▶ Task goal:
Every entry, start to finish, should be printed verbatim without pictures.

▶ Data listing:
============================================================
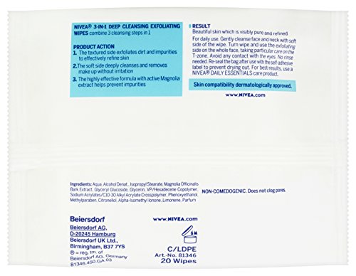 Nivea Daily Essentials 3-in-1 pulizia profonda esfoliante salviette, confezione da 6, totale 120 salviette
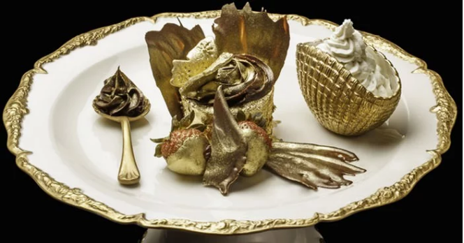 البته در ساخت آن‌ها از شکر، کره و شیر نیز استفاده شده است، اما ورقه‌های طلای خوراکی ۲۳ عیار سبب شده تا قیمت این بشقاب تا ۹۷۲ دلار ارزش گذاری شود.
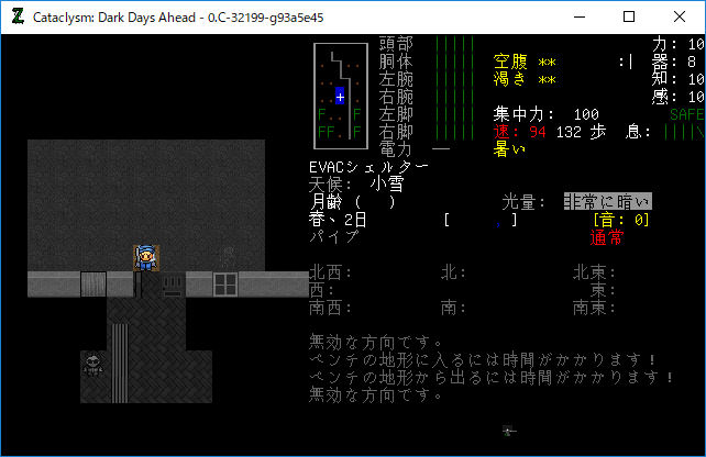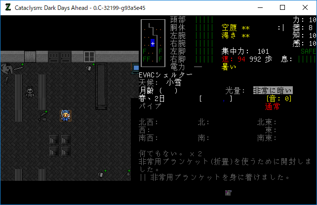 Cataclysmのプレイ日記を始めます。睡眠をとったのに辺りは真っ暗だ。まだ早朝なのかな。暗いため衣類を製作できません。下半身の装備が無いから雪の降る外へ出られない(泣)。
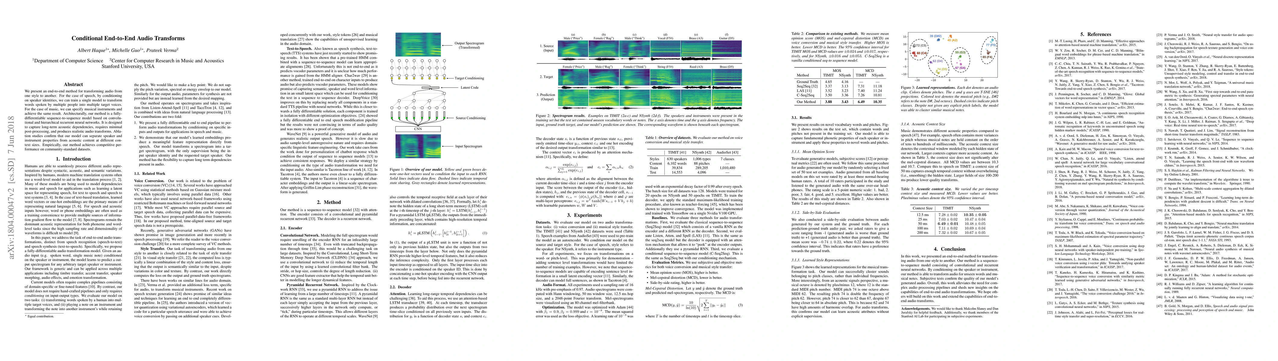 We present an end-to-end method for transforming audio from one style to another. For the case of speech, by conditioning on speaker identities, we can train a single model to transform words spoken by multiple people into multiple target voices. For the case of music, we can specify musical instruments and achieve the same result. Architecturally, our method is a fully-differentiable sequence-to-sequence model based on convolutional and hierarchical recurrent neural networks. It is designed to capture long-term acoustic dependencies, requires minimal post-processing, and produces realistic audio transforms. Ablation studies confirm that our model can separate speaker and instrument properties from acoustic content at different receptive fields. Empirically, our method achieves competitive performance on community-standard datasets.
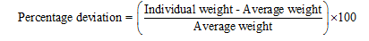 Twenty tablets from each batch were randomly selected and weighed individually on an analytical balance (AUW220D, Shimadzu Corporation, Kyoto, Japan). The mean weight was calculated, and the percent deviation for each tablet was computed as:
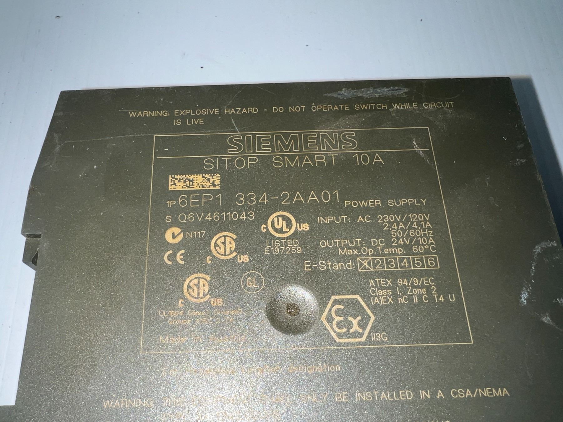 Siemens #6EP1 334-2AA01 SITOP Smart 10A Power Supply
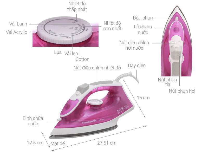 Bàn ủi hơi nước Panasonic NI-M250TPRA có thiết kế đẹp gọn, tiện dụng, giúp chị em nội trợ hoàn thành công việc ủi đồ dễ dàng.
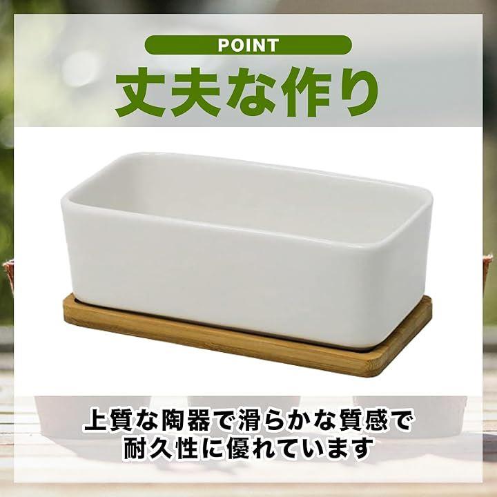「商品詳細」陶器鉢サイズ:(約)幅17x奥行8.5x高さ6cm 受け皿:(約)幅17.2x奥行8.9x高さ1.2cm材質:陶器セラミック(鉢)・竹製(受け皿)
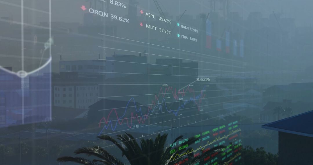- Financial Graphs and Stock Market Data Over Foggy Urban Skyline
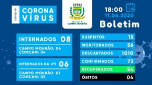 Já são 20 casos de coronavírus confirmados em Campo Mourão apenas este mês. O 20.o foi nesta sexta-feira, elevando para 73 desde o início da pandemia. O número de casos recuperados subiu de 52 para 54. Os suspeitos subiram de 13 para 15. As internações na enfermaria caíram de nove para oito, mas na UTI aumentaram de cinco para seis (uma de Campo Mourão).
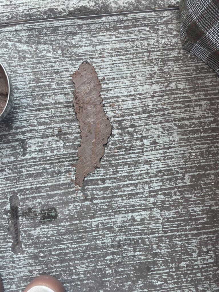 El tiempo de secado inicial fue de aproximadamente 30 a 50 minutos, mientras que el secado completo se alcanzó después de 24 horas en condiciones ambientales normales. Una vez seco, el material presentó una adecuada adherencia a la superficie del concreto, manteniéndose firme y sin desprendimientos visibles. Asimismo, se observó que la presencia de fibra de coco contribuyó a mejorar el secado interno de la mezcla, reduciendo la aparición de pequeñas fracturas durante el proceso de secado.
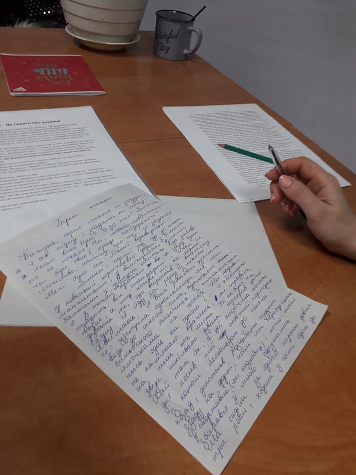 Тема кохання є вічною та завжди актуальною. Що ж, сьогодні пані Таїс Золотковська підготувала нам сюрприз до Дня закоханих.))) Сьогодні ми працювали над трьома письмовими завданнями (ТЕМА ПЕРШОГО КОХАННЯ, ПОЦІЛУНКУ ТА РОМАНТИЧНИХ ВІДНОСИН), ділилися написаним та обговорювали найкращі історії кохання в кіно та літературі.
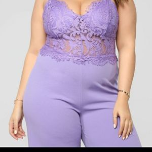 FashionNova NWT (Newwithtag) Lavender Lace Jumpsuit (Plus Size 3X)
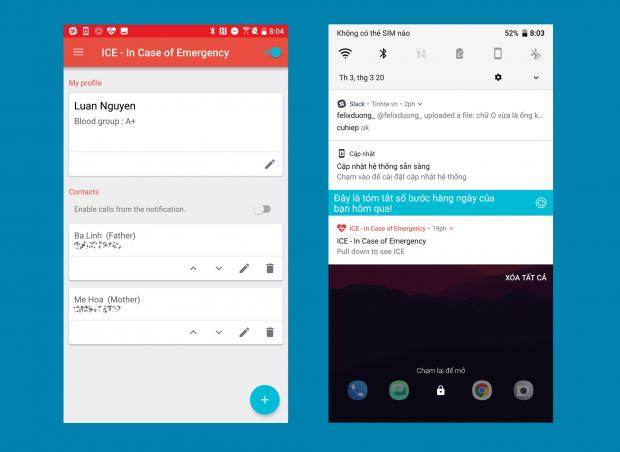 - Để sử dụng: ngoài màn hình khóa, trong danh sách thông báo, tìm biểu tượng hình trái tim, ấn vào thì app sẽ chạy lên với đầy đủ thông tin cá nhân của bạn
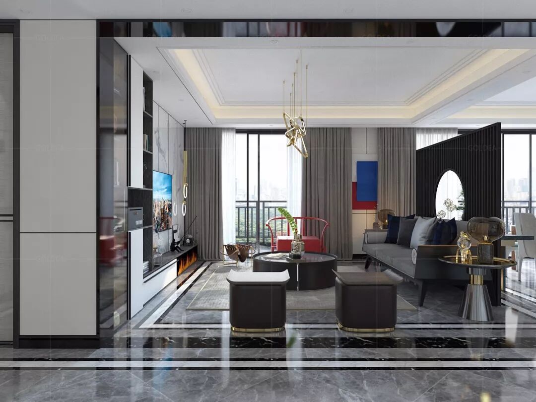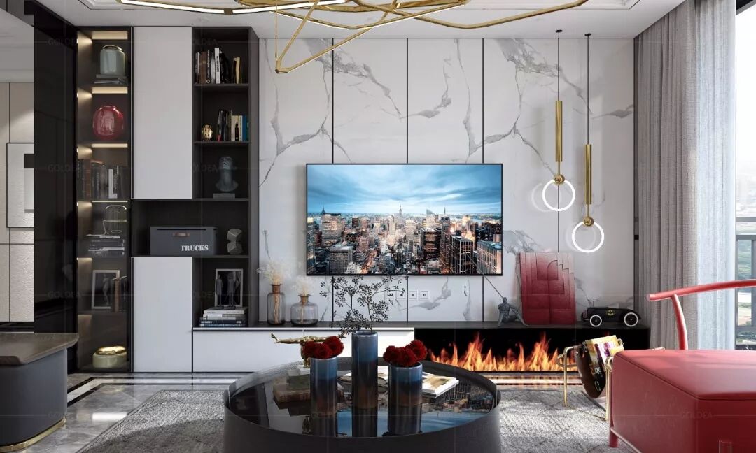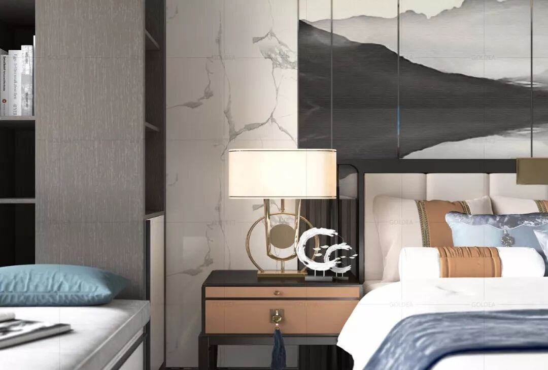 金属材质背景墙配搭着的中花白大理石材质质感饰面,又带着现代设计的时尚,创新出富有格调的品味。
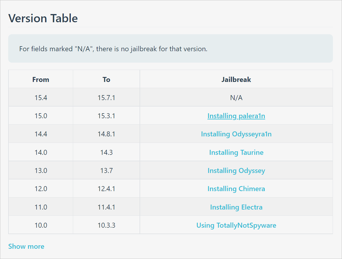 아이폰 7의 경우 탈옥이 가능한 버전이 정해져 있다.(22년 12월 기준 아래와 같다.)
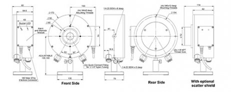 The 16K-W-BB-55 is a water cooled thermal power/energy laser measurement sensor for very high powers with a 55mm aperture. It can measure power from 100W to 16,000W. It has a deflecting cone and annular absorber that withstands high power densities to 10kW/cm2. It covers the spectral range from 0.8 - 2μm and 10.6μm. 16K-W-BB-55 sensor has a module mounted on the sensor near the output cable with over temperature LED, loud audible signal and M8 3 connector interlock. The sensor comes with a standard 5 meter cable for connecting to a meter or PC interface.
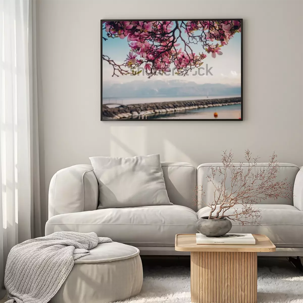 Poster: Natur Berge blühend auf dem Hintergrund von Wasser
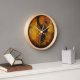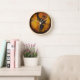 Original Watercolor Nebula Wanduhr, um die Zeit zu erzählen, während sie über das Universum nachdenkt. Orangen, Gelb und Schwarz bilden einen dramatischen Hintergrund für die weißen Hände der Uhr.
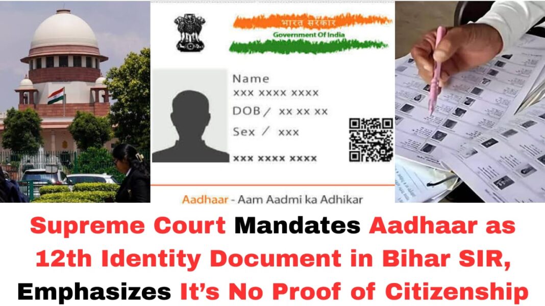The Supreme Court of India has delivered a significant ruling in relation to the ongoing Special Intensive Revision (SIR) of electoral rolls in poll-bound Bihar. The apex court has ruled that Aadhaar must be accepted as the 12th valid identity document, while unequivocally clarifying that it does not constitute proof of citizenship.
============================================================
▶ Completed exercise:
 Nivea Daily Essentials 3-in-1 pulizia profonda esfoliante salviette, confezione da 6, totale 120 salviette
 البته در ساخت آن‌ها از شکر، کره و شیر نیز استفاده شده است، اما ورقه‌های طلای خوراکی ۲۳ عیار سبب شده تا قیمت این بشقاب تا ۹۷۲ دلار ارزش گذاری شود.
 Cataclysmのプレイ日記を始めます。睡眠をとったのに辺りは真っ暗だ。まだ早朝なのかな。暗いため衣類を製作できません。下半身の装備が無いから雪の降る外へ出られない(泣)。
 We present an end-to-end method for transforming audio from one style to another. For the case of speech, by conditioning on speaker identities, we can train a single model to transform words spoken by multiple people into multiple target voices. For the case of music, we can specify musical instruments and achieve the same result. Architecturally, our method is a fully-differentiable sequence-to-sequence model based on convolutional and hierarchical recurrent neural networks. It is designed to capture long-term acoustic dependencies, requires minimal post-processing, and produces realistic audio transforms. Ablation studies confirm that our model can separate speaker and instrument properties from acoustic content at different receptive fields. Empirically, our method achieves competitive performance on community-standard datasets.
 Twenty tablets from each batch were randomly selected and weighed individually on an analytical balance (AUW220D, Shimadzu Corporation, Kyoto, Japan). The mean weight was calculated, and the percent deviation for each tablet was computed as:
 Siemens #6EP1 334-2AA01 SITOP Smart 10A Power Supply
 Bàn ủi hơi nước Panasonic NI-M250TPRA có thiết kế đẹp gọn, tiện dụng, giúp chị em nội trợ hoàn thành công việc ủi đồ dễ dàng.
「商品詳細」陶器鉢サイズ:(約)幅17x奥行8.5x高さ6cm 受け皿:(約)幅17.2x奥行8.9x高さ1.2cm材質:陶器セラミック(鉢)・竹製(受け皿)
- Financial Graphs and Stock Market Data Over Foggy Urban Skyline
 Já são 20 casos de coronavírus confirmados em Campo Mourão apenas este mês. O 20.o foi nesta sexta-feira, elevando para 73 desde o início da pandemia. O número de casos recuperados subiu de 52 para 54. Os suspeitos subiram de 13 para 15. As internações na enfermaria caíram de nove para oito, mas na UTI aumentaram de cinco para seis (uma de Campo Mourão).
 El tiempo de secado inicial fue de aproximadamente 30 a 50 minutos, mientras que el secado completo se alcanzó después de 24 horas en condiciones ambientales normales. Una vez seco, el material presentó una adecuada adherencia a la superficie del concreto, manteniéndose firme y sin desprendimientos visibles. Asimismo, se observó que la presencia de fibra de coco contribuyó a mejorar el secado interno de la mezcla, reduciendo la aparición de pequeñas fracturas durante el proceso de secado.
 Тема кохання є вічною та завжди актуальною. Що ж, сьогодні пані Таїс Золотковська підготувала нам сюрприз до Дня закоханих.))) Сьогодні ми працювали над трьома письмовими завданнями (ТЕМА ПЕРШОГО КОХАННЯ, ПОЦІЛУНКУ ТА РОМАНТИЧНИХ ВІДНОСИН), ділилися написаним та обговорювали найкращі історії кохання в кіно та літературі.
 FashionNova NWT (Newwithtag) Lavender Lace Jumpsuit (Plus Size 3X)
 - Để sử dụng: ngoài màn hình khóa, trong danh sách thông báo, tìm biểu tượng hình trái tim, ấn vào thì app sẽ chạy lên với đầy đủ thông tin cá nhân của bạn
 金属材质背景墙配搭着的中花白大理石材质质感饰面,又带着现代设计的时尚,创新出富有格调的品味。
 아이폰 7의 경우 탈옥이 가능한 버전이 정해져 있다.(22년 12월 기준 아래와 같다.)
 The 16K-W-BB-55 is a water cooled thermal power/energy laser measurement sensor for very high powers with a 55mm aperture. It can measure power from 100W to 16,000W. It has a deflecting cone and annular absorber that withstands high power densities to 10kW/cm2. It covers the spectral range from 0.8 - 2μm and 10.6μm. 16K-W-BB-55 sensor has a module mounted on the sensor near the output cable with over temperature LED, loud audible signal and M8 3 connector interlock. The sensor comes with a standard 5 meter cable for connecting to a meter or PC interface.
 Poster: Natur Berge blühend auf dem Hintergrund von Wasser
 Original Watercolor Nebula Wanduhr, um die Zeit zu erzählen, während sie über das Universum nachdenkt. Orangen, Gelb und Schwarz bilden einen dramatischen Hintergrund für die weißen Hände der Uhr.
The Supreme Court of India has delivered a significant ruling in relation to the ongoing Special Intensive Revision (SIR) of electoral rolls in poll-bound Bihar. The apex court has ruled that Aadhaar must be accepted as the 12th valid identity document, while unequivocally clarifying that it does not constitute proof of citizenship.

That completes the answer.